Thirty volunteers from Prolific.AC participated, and each was paid the equivalent of £8.00 per hour (prorated). For this and all subsequent experiments, the following inclusion criteria were used: (1) native speaker of English; (2) approval rating of at least 90% on prior submissions at Prolific.AC; and (3) age between 19 and 39 years. The mean age was 30.37 years (SD = 5.96, range 19–39), and 19 subjects self-identified as female and 11 self-identified as male. The sample size was based on a pilot study.

Materials

The pictures were 167 color line drawings from Rossion and Pourtois (2004), which is a revised version of the Snodgrass and Vanderwart (1980) stimuli. Pictures were excluded if they were best described by a two-word name (e.g., “baby carriage”). A grayscale version was made of each picture, and additional pictures were discarded if the color and grayscale versions were too similar (e.g., cloud, key, or needle). The words were the names of the pictures. The black words were presented in lowercase 72-point Helvetica Neue font, and an image was made. An image was shown rather than the simple text on the browser window to ensure that the exact same font and size were seen by all subjects. When displayed as an image, the text was approximately 32 points in size. The distinctive words were generated using cooltext.com; each word could vary in font style, font size, color, and capitalization. Figure 1 shows some examples.Footnote 3

Fig. 1
figure 1

Examples of the stimuli in Experiments 1 and 2, and 4.

Procedure

Subjects first answered questions about their age and sex and were then informed that there were two phases. Prior to beginning the study, they were informed that in Phase I they would see 20 words and 20 pictures. They were then informed that in Phase II a recognition test would be given, and they were to decide whether each test stimulus had been seen in Phase I. Other than asking the subjects to refrain from saying anything out loud during the encoding phase, there were no instructions directing them to process the stimuli in a particular way. After reading these instructions on the computer screen, subjects clicked on a button to start. Twenty pictures (ten color and ten black-and-white) and 20 words (ten black and ten distinctive) were shown one at a time for 1 s (with a 2-s stimulus onset asynchrony), in the middle of the computer screen either at their actual size (pictures) or reduced such that the black words appeared to be approximately 32-point. All stimuli were shown against a light gray background (#EEEEEE). The 40 stimuli were randomly drawn without replacement from the pool of 167 and were randomly assigned to the four conditions for each subject. After all 40 stimuli had been shown, a message appeared informing the subjects that they would now see 40 pictures and 40 words. They were asked to answer the question, “Was this item shown in the list?” They responded by clicking on either the “Yes” button if they believed the stimulus had been shown in the original list, or the “No” button otherwise. At test, a further 40 stimuli were randomly drawn without replacement from the remaining pool of 127 stimuli and were randomly assigned to the four conditions for each subject. The order of the items at test was also determined randomly for each subject.

Results and discussion

For this and all subsequent experiments, statistical analyses were carried out using R version 3.4.1 (R Core Team, 2017). Generalized eta-squared (ηg2; Olejnik & Algina, 2003) is the effect size reported for F tests, and Cohen’s d (Cohen, 1992) is the effect size reported for t tests.

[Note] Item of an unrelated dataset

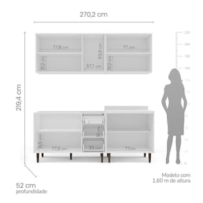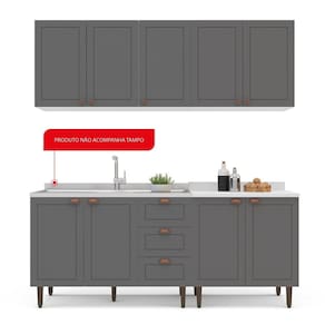 Medida de cada item (A x L x P): Balcão 2 portas 3 gavetas: 84 x 120 x 50,5 Balcão 2 portas: 93,7 x 80,2 x 52,5 Aéreo 3 portas: 67 x 120 x 36,5 Aéreo 2 portas: 67 x 80 x 36,5

Table 1 shows the means and standard deviations for hit and false-alarm rates, d′, and C.Footnote 4 Overall, a picture superiority effect was observed in discrimination, with d′ being higher for pictures (M = 3.167, SD = 1.165) than for words (M = 2.573, SD = 0.946), t(29) = 3.582, p < .01, d = 0.654.

Table 1 Recognition performance for low-distinctiveness stimuli (black words, black-and-white pictures) and high-distinctiveness stimuli (color words, color pictures) in Experiment 1

A one-way analysis of variance (ANOVA) with four factors (black words, distinctive words, black-and-white images, and color images) performed on d′ produced a significant main effect of stimulus type, F(3, 87) = 10.992, MSE = 0.685, p < .001, ηg2 = .120. Inspection of Table 1 shows that d′ increased from black words to black-and-white pictures to distinctive words to color pictures. Planned contrasts showed a discrimination advantage for black-and-white pictures over black words, 2.959 versus 2.178, respectively, t(29) = 3.437, p < .01, d = 0.628, and no significant discrimination difference between distinctive words and black-and-white pictures, 2.969 versus 2.959, respectively, t(29) = 0.056, p > .950, d = 0.010. The difference in discrimination between color pictures and distinctive words, 3.376 versus 2.969, did not reach the adopted significance level, t(29) = 1.881, p = .070, d = 0.343.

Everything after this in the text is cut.